Однако далеко не все одесситы опасались прихода немецких войск. Старые немцы, осевшие тут после предыдущей войны, выходили встречать фашистов, будто освободителей: с хлебом и солью. Кто-то из симпатизирующих в гражданскую войну белогвардейцам уповал на скорейшую смену порядков, всё смелее и неожиданней бравируя принципиальностью тщательно скрываемых со времён победы Красной армии, взглядов… Но вместо так называемых носителей просвещённой европейской цивилизации, к своему ужасу, одесситы дождались лишь фашиствующих варваров-румын.
Их появление Домна запомнила очень хорошо. После оглушающей канонады, душераздирающего воя сирен, непрерывных взрывов, лошадиного ржания и человеческого суматошного гомона внезапно наступила непривычная тишина.
Колкий пронизывающий октябрьский ветер резко стих, и на несколько минут повсеместно воцарился необычайный покой, точно ангелы, пролетая друг за другом, печально покидали Одессу.
В этом оглушающем безмолвии вначале едва слышно, а потом с каждым тактом всё сильнее, зазвучал гулкий чудовищный набат кованых солдатских башмаков. Солдаты врывались в квартиры и сразу же спрашивали: «Коммунисты? Жидан?», а затем тащили всё подряд: столовые приборы, зеркала, вазы, часы, выносили даже приглянувшиеся ковры и мебель.
Свой штаб оккупанты разместили в бывшем здании НКВД на Маразлиевской. Через несколько дней приехали немецкие и румынские генералы, чтобы присутствовать на каком-то большом совещании. Советские минёры радовались: лучшего момента, чтобы взорвать здание, и не придумать. Однако когда под обломками погибло больше пятидесяти офицеров, в Одессе начался массовый террор.
Сперва за одного убитого офицера расстреливали по сто-двести большевиков. Потом без счёта уничтожали евреев и коммунистов. На каждом фонарном столбе чернели приказы: «В интересах обеспечения безопасности и порядка всем мужчинам еврейского происхождения от восемнадцати до пятидесяти лет явиться в городскую тюрьму в течение сорока восьми часов. Не подчинившиеся и их укрыватели – будут расстреляны на месте».
Людей сгоняли в склады, бараки и, обливая горючей смесью, поджигали. В портовом сквере расстреляли девятнадцать тысяч евреев, пять тысяч погибло в Дальнике. В январе потянулся марш смерти: закутанных до глаз детишек везли на санках, немощных стариков тащили под руки. На домах и воротах появились белые кресты: так помечали, что дом от жидов очищен. На улицах полыхали костры. Возле огня грелись румынские солдаты, не обращающие внимания на прохожих: в Одессе свирепствовали морозы.
Жители влачили скудное, голодное существование, постепенно привыкая к грабежам магазинов, дракам, нередко случавшимся в очередях за картошкой, к мародерству в домах убежавших или убитых соседей…

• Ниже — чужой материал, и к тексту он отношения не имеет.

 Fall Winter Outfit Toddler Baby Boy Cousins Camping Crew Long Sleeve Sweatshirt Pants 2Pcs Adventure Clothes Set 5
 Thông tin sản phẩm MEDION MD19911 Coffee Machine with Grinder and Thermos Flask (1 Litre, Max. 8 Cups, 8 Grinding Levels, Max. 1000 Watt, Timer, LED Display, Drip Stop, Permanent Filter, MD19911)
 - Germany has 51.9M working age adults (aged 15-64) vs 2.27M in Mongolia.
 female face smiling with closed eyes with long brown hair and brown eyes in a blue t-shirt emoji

И в этот самый момент, когда уповать Домне и Женечке, казалось, было уже не на что, когда экономили остатки крупы, не зная, чего ждать завтра, когда на улицу страшно даже высунуть нос, Женечка родила сына.

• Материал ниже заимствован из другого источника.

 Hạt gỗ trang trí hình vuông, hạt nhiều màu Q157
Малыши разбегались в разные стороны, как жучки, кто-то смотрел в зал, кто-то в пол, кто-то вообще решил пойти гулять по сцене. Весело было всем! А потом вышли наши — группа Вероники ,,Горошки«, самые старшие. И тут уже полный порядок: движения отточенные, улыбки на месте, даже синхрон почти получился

Первые два месяца жизни Валерчика прошли для женщин в таком напряжении и страхе, что, потеряв счёт времени, они сами не поняли, как пережили эти страшные дни. А к марту тучи начали рассеиваться.
Герман Пынтя – бессарабский румын, уроженец Российской империи, – стал городским главой Одессы и активно занялся городом. Открыл храмы, школы, университет, вернул улицам дореволюционные названия, а одесситам – отнятую коммунистами собственность. Разрешил предпринимательство.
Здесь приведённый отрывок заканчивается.